«Приглядываюсь к себе самому. Совсем не похож на остальных. Все в сознании. Обобщения. Старание от жизни оторваться. Все это очень давно» (17 июля 1944). «Оглядываюсь на свое прошлое и „объективно“ вижу, что я всю жизнь был „уродом“, не похожим на других, с философской абстракцией и заинтересованностью и глубиной» (22 февраля 1948). «Все больше убеждаюсь, что не похож на остальных. ‹…› Вижу, с ясностью вижу то, чего другие не замечают» (5 ноября 1948). 30 октября 1949 г., вспоминая периодически ощущаемые им состояния измененного сознания, Вавилов заканчивает запись словами: «Теперь это постоянно, настойчиво и трудно жить с другими. Чувствую себя марсианином». 1 января 1950 г.: «Знаю, что не похож на других, и часто вижу и понимаю то, чего не видят и не понимают другие».
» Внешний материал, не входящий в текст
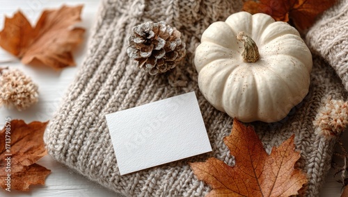 A white blank card rests on a cozy beige knit sweater amidst autumn leaves, a small white pumpkin, and pine cones
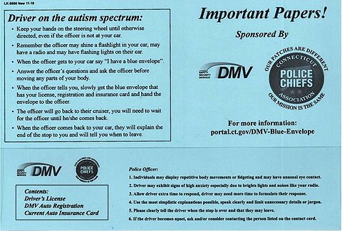 The program is modeled after one created in Connecticut in 2020 and since adopted by several other states. A driver with a neurodivergent condition like autism requests a special blue envelope from the Department of Licensing, in which the person keeps their vehicle registration, insurance papers and other papers a police officer might ask to see. The envelope would be printed with instructions for the officer as to how to communicate effectively with the driver, as well as reminders for the driver as to how to respond when pulled over.
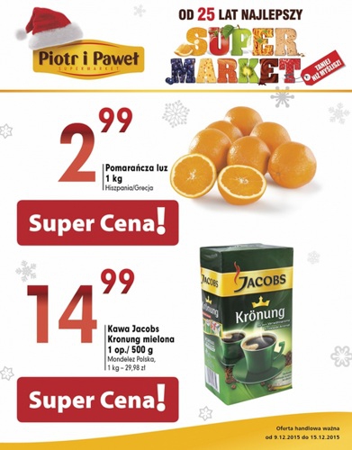 Nowa gazetka promocyjna sieci sklepów Piotr i Paweł - "Super cena!". Polecane promocje z gazetki Piotr i Paweł: Pomarańcze 1 kg - 2,99 zł. Kawa mielona Jacobs Kronung 500 g - 14,99 zł. Kapusta kwaszona 3 kg -…
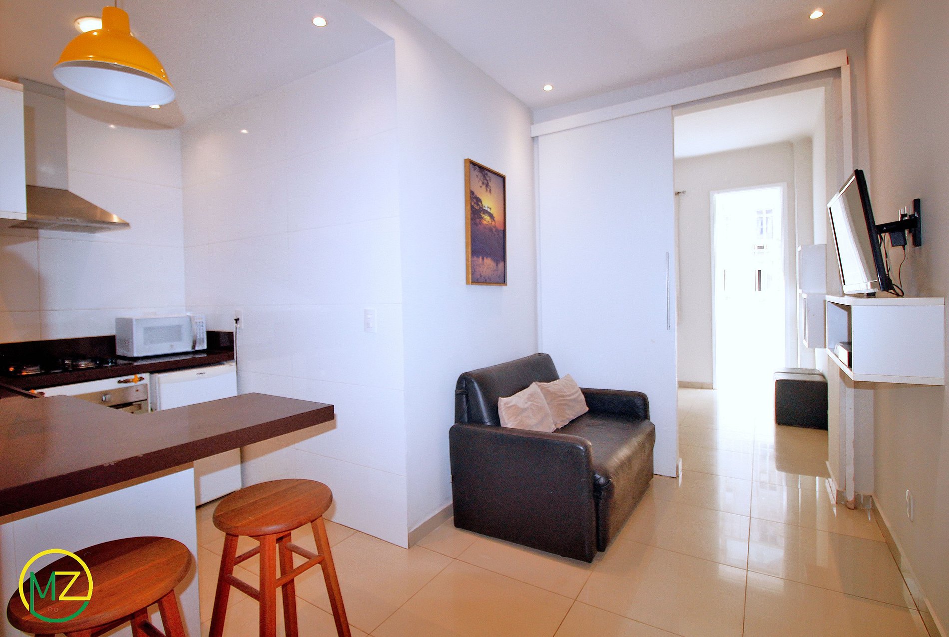 Tranquilo apartamento tipo estudio en el Puesto 3 de Copacabana, ¡a solo dos cuadras de la playa! Este apartamento se encuentra en el tercer piso de un edificio seguro y familiar, con capacidad para hasta 4 personas. Servicio de portería 24 horas.

Отклонение от нормы – ненормальность.
Марсианин-Вавилов, «сошедший с рельс», «с сорванной нарезкой», наблюдающий за неправильным поведением своих мыслей, пытающийся «пробить стену этих страшных трех измерений», «просверлить оболочку» и «высунуть свою голову из самого себя», не без оснований опасался за свое психическое здоровье.
Записи об этом есть уже в ранних дневниках: «Может быть, я просто странный человек, не то что сумасшедший, а с ума сходящий» (17 июля 1909), «Уж право, не с ума ли я схожу?» (30 июля 1909), «…я – почти больной человек» (31 декабря 1912).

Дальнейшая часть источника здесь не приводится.